Data and Model Quality Control
- Are you in the business of creating data and models?
- Do you want to institute human or automated review on data changes for data quality assurance?
- Are you worried about model reproducibility?
- Do different people or teams want to work on slightly different versions of the data?
- Are long running projects hard to pull off because of parallel data changes?
- Would data branches help?
- Do you want the ability to query or roll back to a previous version of the data instantly?
Traditional databases were built for a world of transactions and reports. Modern data science tools use data to create models that behave more like software than reports. Models produce user visible outputs and define application behavior. Tuning data to get the right model can be a lot like writing code.
Modern data science applications require model reproducibility, data quality, and multiple versions of data to perform at their best. Dolt allows for these capabilities directly in your database, in a Git-style version control model most developers understand.
Dolt is used for model reproducibility. If you build a model from a version of the data, make a tag at that commit and refer to that tag in the model metadata. Some of our data and model quality control customers only use Dolt for this simple feature. Dolt shares storage between versions so you can store many more copies of the data using Dolt than say storing copies of the data in S3.
Dolt allows for human or automated review on data changes increasing data quality. If a bad change makes it through review simply roll the data back to a previous version. DoltHub, DoltLab, and the Hosted Dolt Workbench all implement a Pull Request workflow, the standard for human reviewing code changes. Extend that model to your data changes.

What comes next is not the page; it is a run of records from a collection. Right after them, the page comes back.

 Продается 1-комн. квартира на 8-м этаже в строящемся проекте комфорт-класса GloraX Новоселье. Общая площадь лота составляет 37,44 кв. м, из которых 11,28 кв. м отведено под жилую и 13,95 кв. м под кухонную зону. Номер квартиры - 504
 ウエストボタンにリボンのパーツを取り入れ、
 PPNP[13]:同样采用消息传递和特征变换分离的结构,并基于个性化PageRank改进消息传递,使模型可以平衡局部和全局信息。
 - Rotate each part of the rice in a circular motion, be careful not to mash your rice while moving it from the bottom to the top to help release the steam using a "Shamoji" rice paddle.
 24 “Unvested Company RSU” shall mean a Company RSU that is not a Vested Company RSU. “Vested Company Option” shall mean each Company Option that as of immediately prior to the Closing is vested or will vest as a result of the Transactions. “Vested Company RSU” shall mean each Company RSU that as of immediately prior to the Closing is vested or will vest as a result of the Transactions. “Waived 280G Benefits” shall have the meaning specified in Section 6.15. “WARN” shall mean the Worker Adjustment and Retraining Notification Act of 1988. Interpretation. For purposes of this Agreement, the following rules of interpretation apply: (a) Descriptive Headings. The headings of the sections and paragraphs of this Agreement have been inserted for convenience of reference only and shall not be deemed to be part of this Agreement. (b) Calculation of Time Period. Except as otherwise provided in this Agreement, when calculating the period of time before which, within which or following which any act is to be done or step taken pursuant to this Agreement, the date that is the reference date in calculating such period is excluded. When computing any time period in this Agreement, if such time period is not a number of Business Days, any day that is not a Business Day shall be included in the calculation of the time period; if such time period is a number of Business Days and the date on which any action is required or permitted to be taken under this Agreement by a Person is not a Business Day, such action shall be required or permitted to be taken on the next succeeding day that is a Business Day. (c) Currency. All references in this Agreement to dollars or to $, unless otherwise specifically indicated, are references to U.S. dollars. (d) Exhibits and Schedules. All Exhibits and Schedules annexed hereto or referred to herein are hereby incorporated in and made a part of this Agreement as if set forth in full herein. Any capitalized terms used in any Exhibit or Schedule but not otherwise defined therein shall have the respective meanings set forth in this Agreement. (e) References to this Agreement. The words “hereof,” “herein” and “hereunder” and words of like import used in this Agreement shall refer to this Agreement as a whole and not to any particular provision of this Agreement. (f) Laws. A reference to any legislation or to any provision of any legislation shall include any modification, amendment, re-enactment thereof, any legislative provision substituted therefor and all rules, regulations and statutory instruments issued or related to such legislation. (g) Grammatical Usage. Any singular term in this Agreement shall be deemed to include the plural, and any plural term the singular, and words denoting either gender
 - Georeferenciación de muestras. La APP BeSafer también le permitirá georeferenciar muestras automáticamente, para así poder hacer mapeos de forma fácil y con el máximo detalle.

Dolt is the only database with branch and merge functionality. Branches allow for long running data projects. Want to add an additional feature to a model but don't want the new feature effecting the production model build? Make branch and run the project on that branch. Occasionally merge production data into that branch so you can stay in touch with changes there. Companies use Dolt branches to increase the number of parallel data projects by an order of magnitude.

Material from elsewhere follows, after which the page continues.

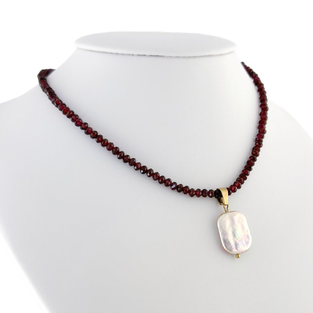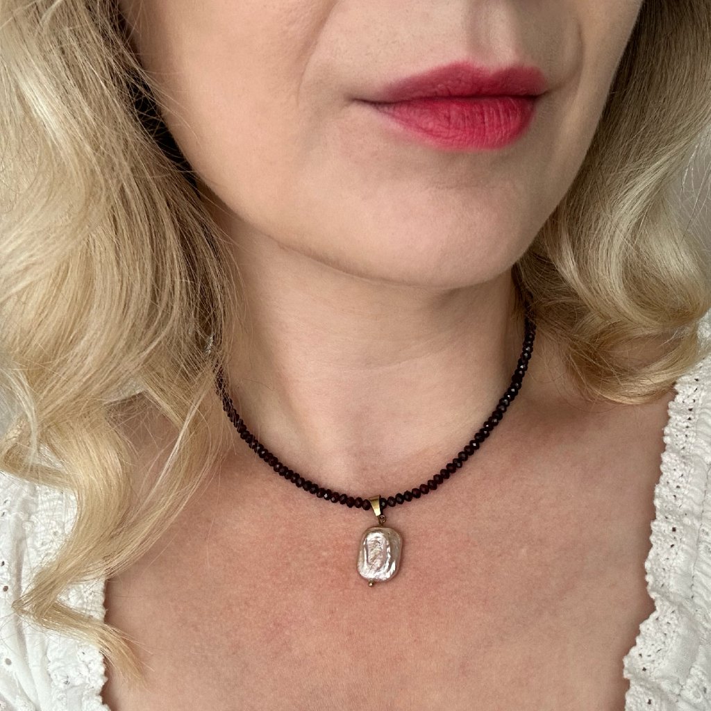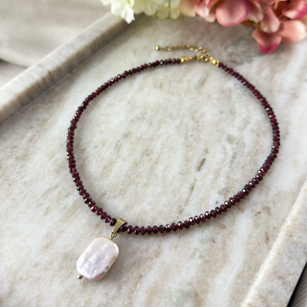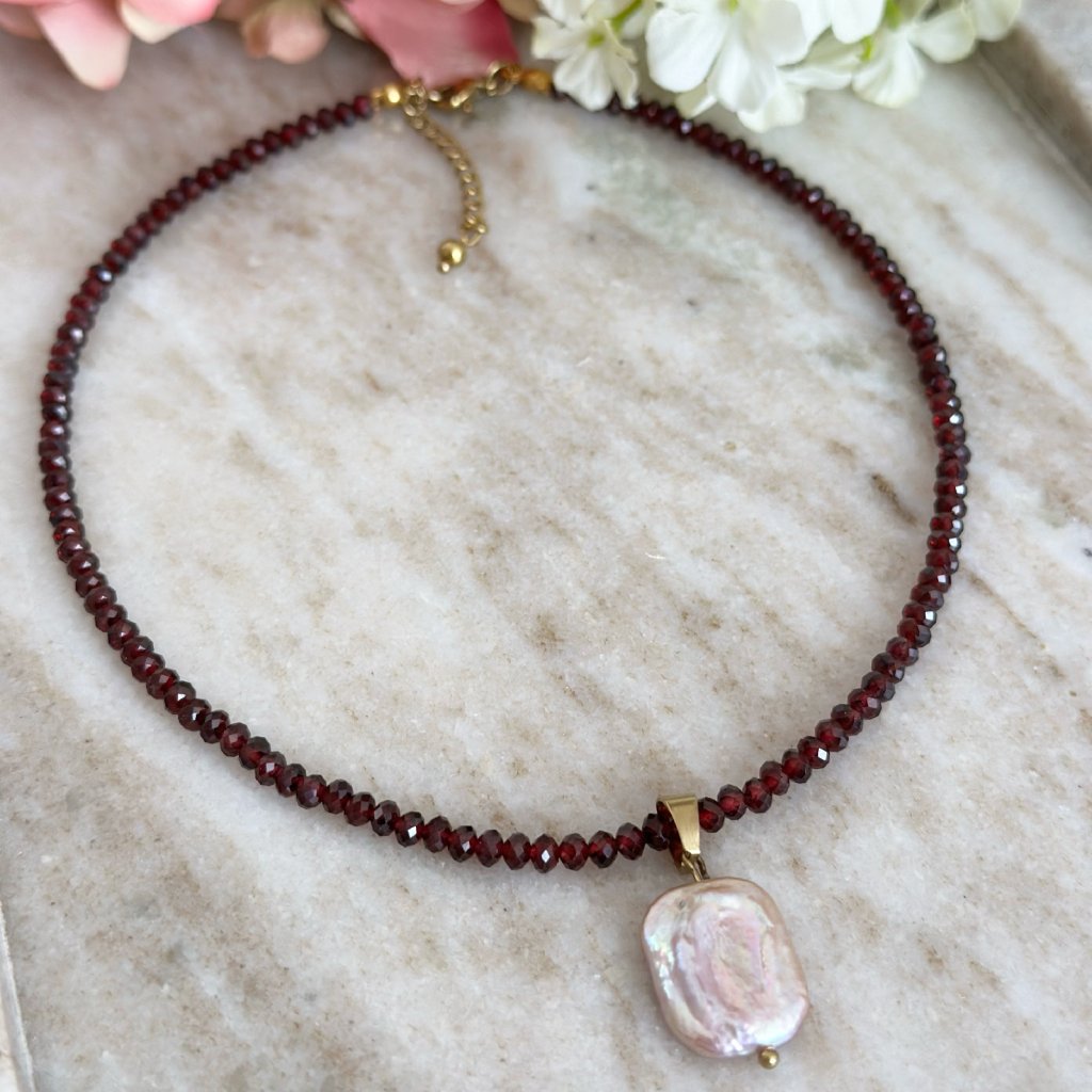 Objevte jedinečný náhrdelník z granátu zdobený výraznou růžovou barokní perlou, který v sobě spojuje sílu přírodního kamene a jemnost perly. Tento ručně vyráběný šperk působí elegantně, žensky a zároveň originálně. Hluboká červená barva granátu symbolizuje vášeň, odvahu a ochranu, zatímco barokní perla v jemném růžovém odstínu dodává náhrdelníku luxusní a neotřelý vzhled. Díky nepravidelnému tvaru perly je každý kus naprosto originální.
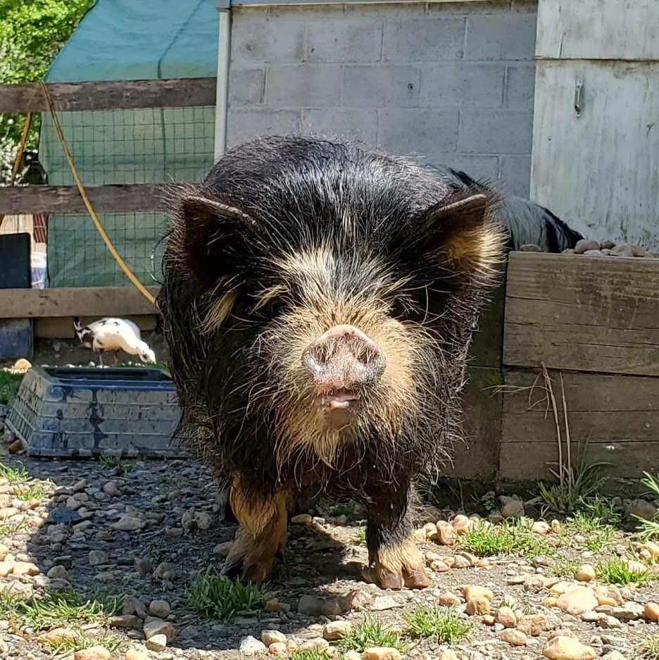 Paisano is a character. Always the first to alert us to dinner time he is the most vocal of our herd and quite the chatterbox. He is a very playful pig with the personality of a cat.

It is common practice to store copies of training data or database backups in cloud storage for model reproducibility. A full copy of the data is stored for every training run. This can become quite expensive and limit the amount of models you can reproduce. Dolt stores only the differences between stored versions decreasing the cost of data storage. Additionally, Dolt can produce diffs between versions of training data producing novel model insights.
Dolt can replace any database used to store and query data. Many of our customers switch from other OLTP databases like MySQL or Postgres to improve data and model quality through versioning. Customers have also switched to Dolt from document databases like MongoDB. Dolt's additional unique features like branches, diffs, and merges allow for human review of data changes and multiple parallel data projects.